- **Task prompt**:
Find "Itopfox Professional 5-Layer" in the listing below, then set down only that line and each later line, unchanged, leaving out pictures.

- **Source material**:
::::::

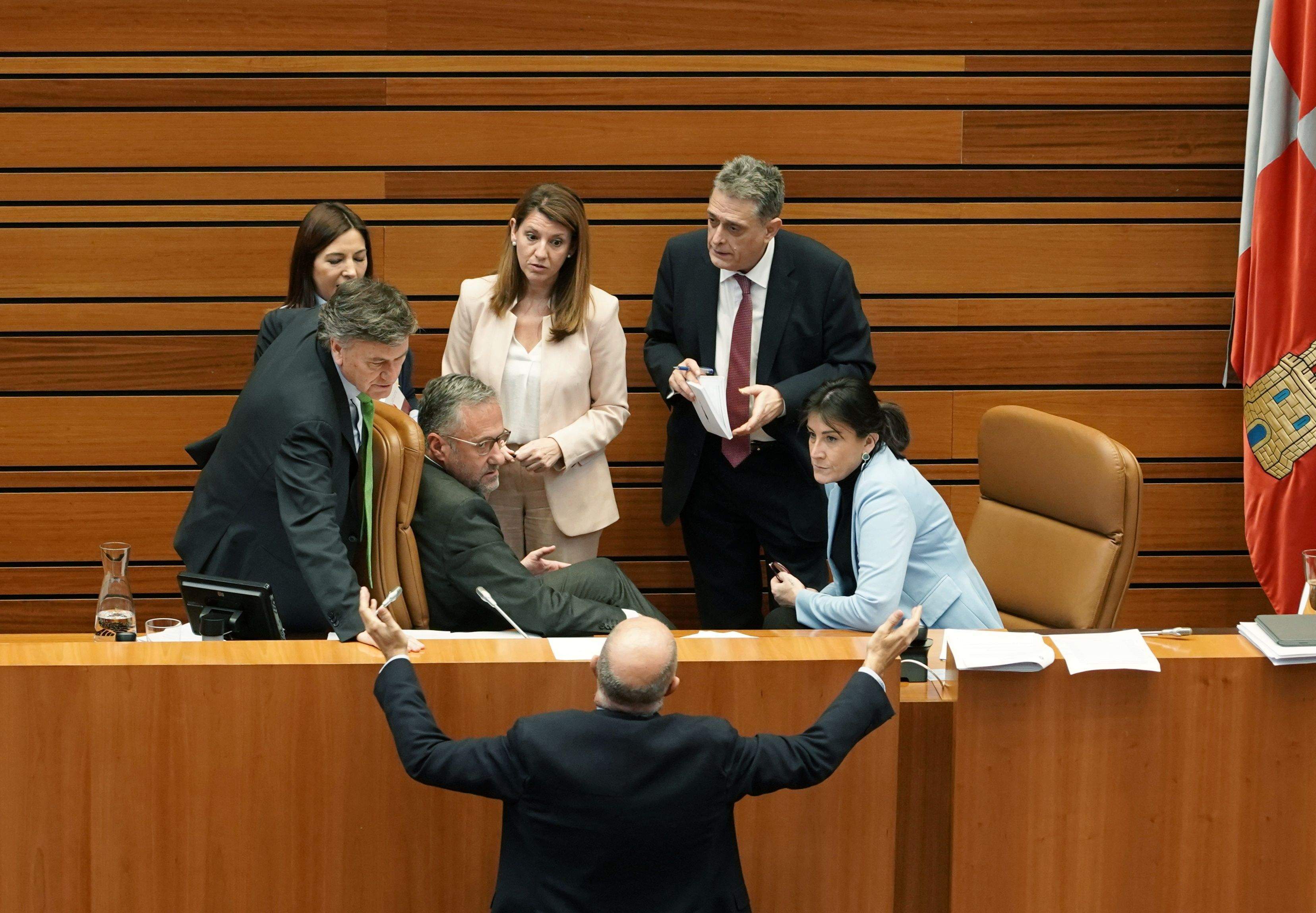 El pleno monográfico de presupuestos, que cierra este periodo de sesiones en las Cortes, estuvo suspendido durante más de dos horas, después de que en la votación de las 78 enmiendas socialistas a la ley de medidas se registrara 66 votos a favor (PP, Vox y PSOE), cuatro en contra (Cs y tres miembros del PP) y siete abstenciones (UPL-Soria Ya y Por Ávila).
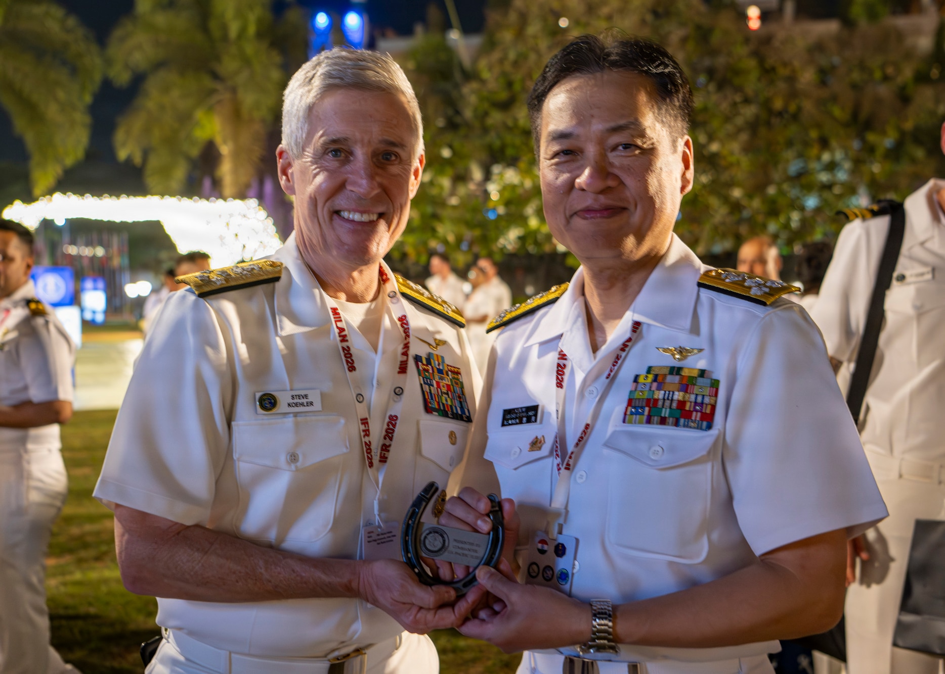 Adm. Steve Koehler, commander, U.S. Pacific Fleet, left, and Vice Adm. Kunimi Yasuhiro, vice chief of staff of Japan Maritime Self-Defense Force, pose for a photo during exercise MILAN 2026 in Visakhapatnam, India, Feb. 18, 2026. Hosted by the Indian Navy, MILAN 2026 is a biennial, multilateral exercise focused on enhancing interaction between professional navies and gaining experience in operations at sea. The visit to India underscored the U.S. commitment to strengthening partnerships for an Indo-Pacific that is secure, free, and prosperous. (U.S. Navy photo by Mass Communication Specialist 2nd Class Jeremy R. Boan)
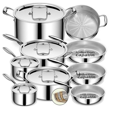 Itopfox Professional 5-Layer Stainless Steel Cookware Set, 14-Piece Induction Compatible Pots and Pans, Oven Safe, PFOA, PTFE & PFOS Free
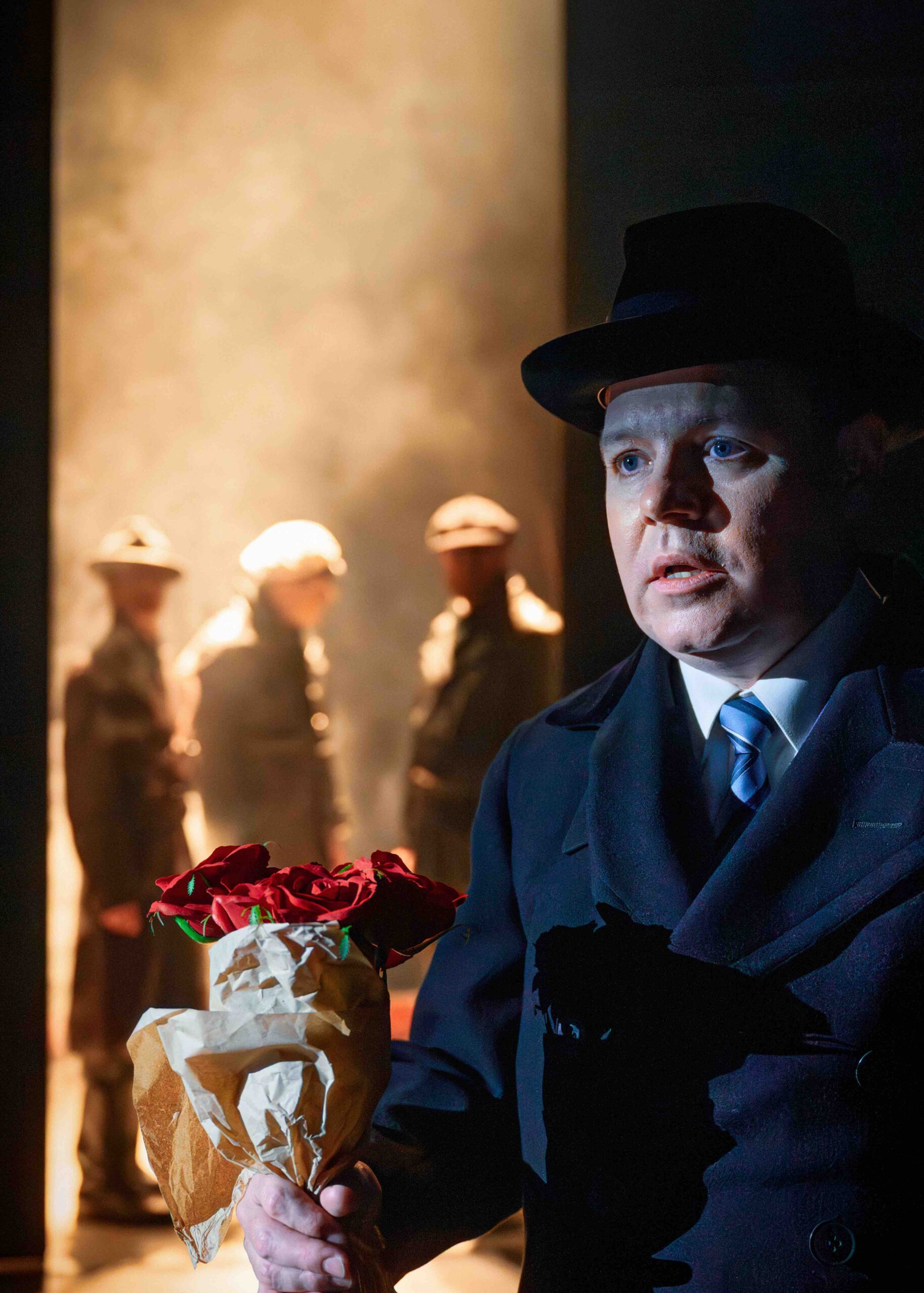 Taiteista Amos Anderson suhtautui intohimoisimmin musiikkiin ja erityisesti teatteriin ja Svenska Teaterniin. Näytelmä alkaakin Svenskanin kenraaliharjoituksista, missä Anderson ohjaa itse kirjoittamaansa näytelmää (!).
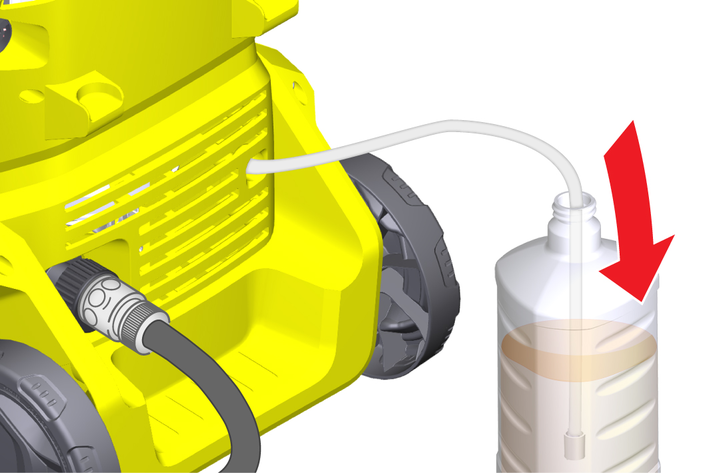 Vysokotlakou trysku vypláchněte zepředu vodou.

::::::

- **Exercise output**:
 Itopfox Professional 5-Layer Stainless Steel Cookware Set, 14-Piece Induction Compatible Pots and Pans, Oven Safe, PFOA, PTFE & PFOS Free
 Taiteista Amos Anderson suhtautui intohimoisimmin musiikkiin ja erityisesti teatteriin ja Svenska Teaterniin. Näytelmä alkaakin Svenskanin kenraaliharjoituksista, missä Anderson ohjaa itse kirjoittamaansa näytelmää (!).
 Vysokotlakou trysku vypláchněte zepředu vodou.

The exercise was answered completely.